Tuna Nicoise salad - add cooked pasta to the Nicoise, if you like.

Wrap tuna in foil or waxed paper, like a package, add herbs and seasonings and bake.

Won tons - add cream cheese and herbs - fry, boil or steam.

Tuna fettucinne - Grill the tuna, mix in sun-dried tomatoes, shrooms, fresh basil and alfredo sauce and/or pesto.

Tuna stir-fry - serve with noodles and rice.


----------



## Robo410 (Sep 15, 2006)

simple grilling over charcoal fire, served with lemmon ... 
salad nicoise using said grilled tuna rather than canned tuna is superb...greens, hb eggs, olives, spears of asparagus, etc, a wonderful vinaigrette, crusty bread and garlic olive oil, bottle of wine.  great meal idea.

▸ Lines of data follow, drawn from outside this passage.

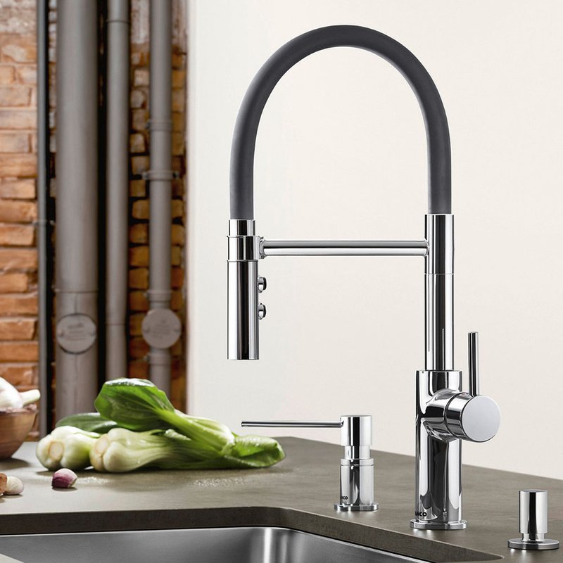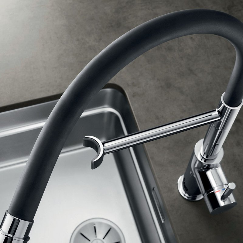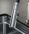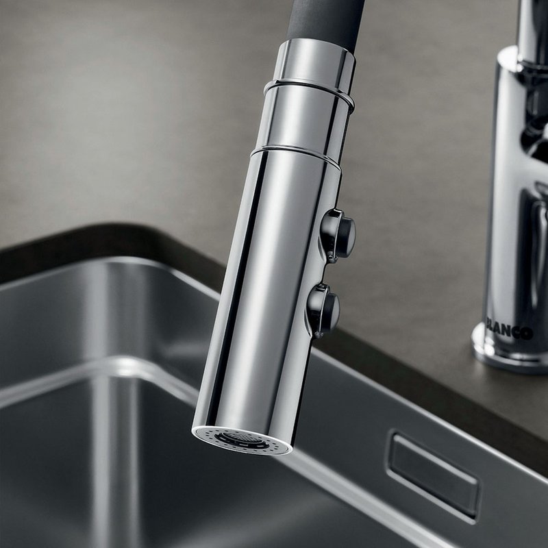 - Dual spray with integrated flow stop: easy switch from aerated stream to powerful rinse spray
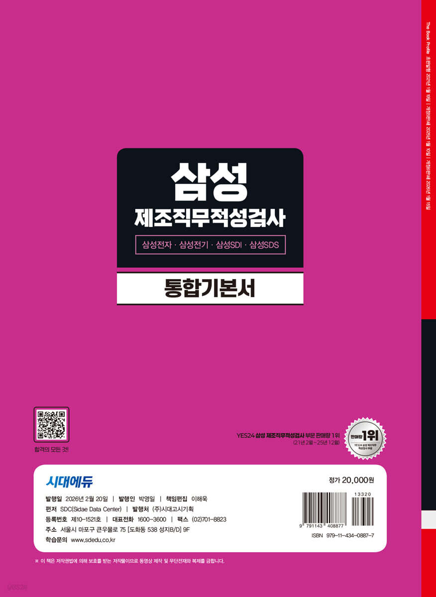 최신 출제경향을 알 수 있도록 2024~2025년 SK, 포스코, 현대자동차 등 2개년 주요기업 생산직 기출복원문제를 분석 및 복원하여 수록하였다. 또한 영역별 핵심이론 및 대표유형, 적중예상문제 구성을 통해 보다 체계적인 학습이 될 수 있도록 하였다. 최종점검 모의고사 2회분과 온라인 모의고사 2회분을 제공하여 최종적으로 실전처럼 연습할 수 있도록 하였다. 마지막으로, 인성검사와 면접 이론 및 실제 면접 기출 질문을 수록하여 최종 관문까지 대비할 수 있도록 하였다. 본서의 구성이 삼성그룹 제조직을 준비하는 모든 수험생들에게 좋은 길잡이가 되기를 바란다. |
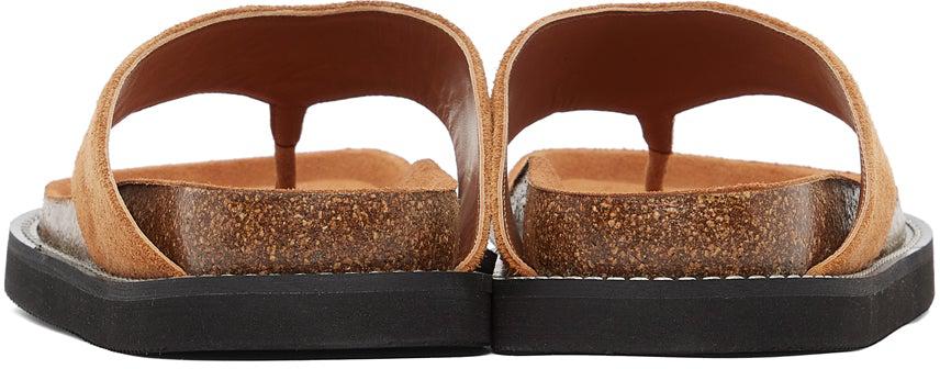 Calfskin suede sandals in brown. Thong-style strap at vamp. Leather logo patch at molded suede footbed. Topstitching in white at welt. Cork midsole. Treaded rubber outsole in black. Supplier color: Whiskey Upper: calfskin. Sole: rubber. Brand: Joseph
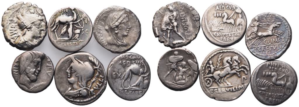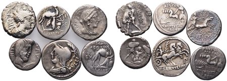 Precedente Lotto 484 Successivo Bertolami Fine Art - Máchova 838, Vinohrady 18, 120 00 Prague Auction 331 | RES PVBLICA RES PVBLICA giovedì 27 marzo 2025 ore 14:00 (UTC +01:00) Lot of 6 Roman Republican denarii Lot to be sold as is. No return.
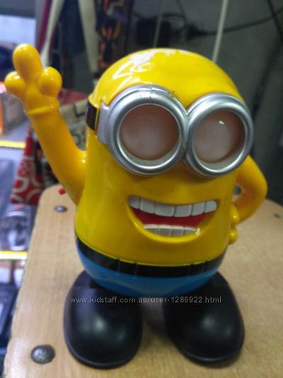 Интерактивная Игрушка Танцующий Миньон Minions Dance People 8115С Посипака из Мультика Гадкий Я Если Вы не знаете, что подарить ребенку на день рождения, чтобы удивить и обрадовать его – танцующий Миньон Посипака станет поистине оригинальным подарком, который точно понравится как девочке, так и мальчику и будет постоянно радовать и развлекать его. Милый Миньон Посипака – забавная интерактивная игрушка из популярного мультфильма «Гадкий Я», полюбился и запомнился всем детям. Один только вид забавного желтого человечка способен поднять настроение. Миньон весело танцует в такт воспроизводимой музыке и светится. Танцующий Миньон – это отличная игрушка для вашего ребенка за доступную цену. Подарок будет поистине оригинальным, ценным и увлекательным. Преимущества: Красочный и задорный Световые и звуковые эффекты Смешно танцует зажигательный танец Вызывает улыбку и заряжает позитивом Способствует развитию и координации движений, если ребенок будет танцевать с ним Выполнен из качественного антиаллергенного материала Материал: АБС-пластик и электронные компоненты Функции: музыка, танцы Питание: батарейки AA Рекомендовано для детей от 3 лет. При покупке нескольких единиц предлагаем скидки При оптовых закупках цены будут значительно отличаться * Цветовой оттенок товара может отличаться от представленного на фотографии и выбирается случайным образом, в том числе это зависит и от настроек монитора Вашего компьютера!
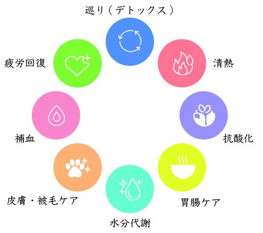 体の熱を冷ます、血管を丈夫にする、血流改善、エネルギー補給、疲労回復、栄養促進、消化に優しい、利尿作用、デトックス

cook it in parchment with herbs and butter and veggies like julienne of carrots and snap peas.


----------



## mish (Sep 15, 2006)

Robo410 said:
			
		

> simple grilling over charcoal fire, served with lemmon ...
> salad nicoise using said grilled tuna rather than canned tuna is superb...greens, hb eggs, olives, spears of asparagus, etc, a wonderful vinaigrette, crusty bread and garlic olive oil, bottle of wine. great meal idea.
> 
> cook it in parchment with herbs and butter and veggies like julienne of carrots and snap peas.


 
Hey Robo, we have the same menu


----------